The first step in viral replication (Figure 1) is the attachment of a viral particle to the CD4⁺ receptor and a coreceptor (either CCR% or CXCR4) of the host cell (8). After the virus fuses with the host cell, the HIV virion enters the cell. Once bound, one of several coreceptors is necessary for the process of fusion and for the viral particle to disgorge its contents, i.e., two copies of the viral RNA. Once inside the cytoplasm of the cell, HIV reverse transcriptase converts the viral RNA into DNA, the nucleic acid form in which the cell carries its genes. A full-length copy of the DNA is made, and then degraded into a smaller functional piece (23,24).

View larger version (73K): [in this window] [in a new window]   Figure 1. Viral life cycle of HIV. Reprinted with permission from Macmillan Publishers Ltd: Nature Medicine 2003;9:867–73. Twenty years of therapy for HIV-1 infection. Authors Roger J. Pomerantz and David L. Horn. Nature Medicine adapted the figure from the Journal of Molecular Biology, 1999;285:1–32. Structural Biology of HIV. Authors Brain G. Turner and Michael F. Summers. Reprint permission also granted from Elsevier.

The newly made HIV DNA moves to the cell’s nucleus, where HIV integrase helps splice the viral DNA into the host’s DNA. This integrated form of the virus is termed "provirus." Once the viral DNA has integrated into the host cell DNA, the cell, if activated, will go on to make viral proteins. In the current model of HIV pathogenesis, abnormal immune activation is viewed as the major factor in disease progression by creating the pool of activated CD4⁺ T cells that can be targeted by HIV, leading to immune exhaustion (25). The degree of CD8⁺ T-cell activation correlates positively with the risk of progression to AIDS (26). If the CD4⁺ cell is not activated, it is possible for the virus to persist in a latent stage for many years (25). The ability of the virus to remain in latently infected cells has greatly complicated attempts to eradicate HIV. For this reason, patients who are HIV-positive must stay on antiviral therapy indefinitely (27). The activated cell makes viral proteins by copying the DNA back to RNA through a process called transcription. Transcription is controlled by both the host cell and the viral genes. The RNA transcribed from DNA, called messenger RNA (mRNA), is then transported from the nucleus of the cell to the cytoplasm.

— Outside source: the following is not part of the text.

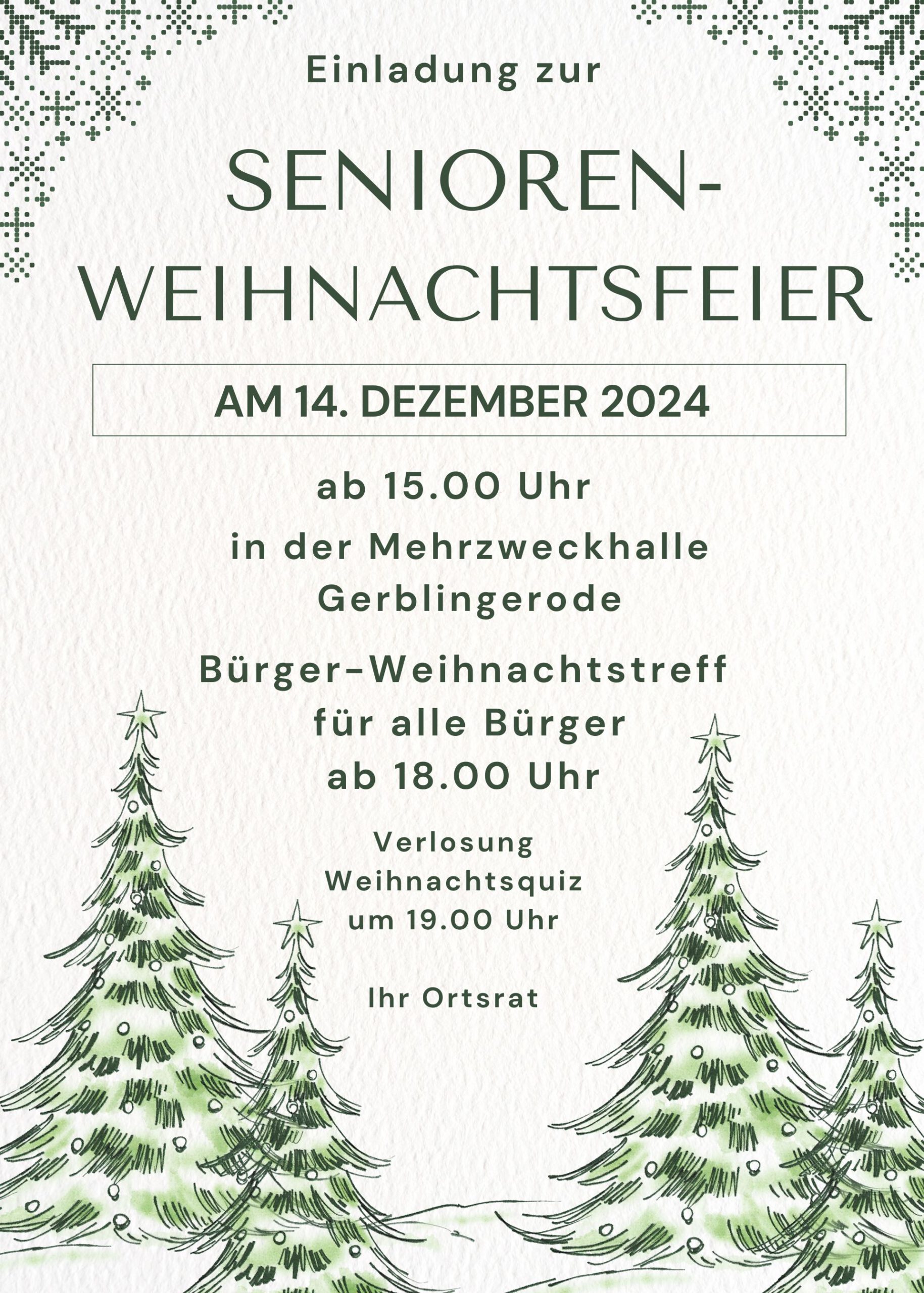 Der Ortsrat veranstaltet am 3. Adventssamstag die alljährige Senioren-Weihnachtsfeier ab 15.00 Uhr in der Mehrzweckhalle. Ab 18.00 Uhr sind alle Bürger zum Weihnachtstreff eingeladen. Neben Glühwein, Punsch und Bratwurst wird es auch wieder ein Weihnachtsquiz für Jung & Alt geben.

Once in the cytoplasm, the mRNA of the virus takes over the usual protein-making apparatus of the cell and begins to make the proteins of the HIV virus, using the HIV mRNA as the template. This process is referred to as translation. The sequence of proteins in the mRNA molecules is translated into the RNA and proteins comprising the envelope and core of the virus. The gene products of the translation are much larger than those that make up the final virus and need to be spliced to smaller functional units. Viral protease cuts the gene products down to size. The HIV protease is highly specific for HIV and is the target of a class of drugs used to treat HIV. Once spliced, the viral envelope proteins come together within the host cell’s membrane, with the core proteins, RNA and enzymes just inside the membrane. The virus then pinches off the cell and "buds" (23,24). A single cell can make thousands of infectious particles of HIV, either chronically, over weeks, or as a single burst resulting in cell death.

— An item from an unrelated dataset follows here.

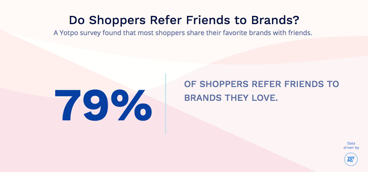 Word-of-mouth marketing is one of the most powerful forces for growing a brand. A Yotpo survey found that 79% of shoppers refer friends to brands they love. Like with most things, people are also more likely to feel comfortable buying from a recommended brand.

Factors That May Influence Viral Load and Disease Progression
Once HIV enters the body, it replicates very rapidly, producing a viral burst that infects many CD4 cells and involves all lymphatic tissue. Viral load in this early infection can reach millions of virions per ml of blood (one fifth of a teaspoon), increasing HIV transmission risk. There are a number of key factors that have an impact on the rate and severity of HIV infection including: type of immune response, coinfection with other sexually transmitted diseases, age, and behavioral variables (28–31). Long-term nonprogressors are patients who have had the virus for 10 years and yet are clinically healthy without treatment and have certain characteristics demonstrating a beneficial anti-HIV immune response (28,31). Coinfections may influence HIV disease progression. For example, among subjects who were adherent to antiretroviral treatment (ART), infection with hepatitis C virus (HCV) was associated with a lower CD4 cell count (32). In contrast, a large, urban cohort study produced no evidence that HCV infection substantially altered the risk of dying, developing AIDS, or responding immunologically to ART (33). In the absence of ART, older individuals have higher rates of progression than younger adults. A possible immunologic explanation could be that, as a person ages, there are fewer naïve cells and more memory CD4 cells—the preferred target of HIV infection. It is likely that either the memory cells are depleted more rapidly or the bone marrow, thymus, and extrathymic factors are less able to keep up with cell loss in the older population (29).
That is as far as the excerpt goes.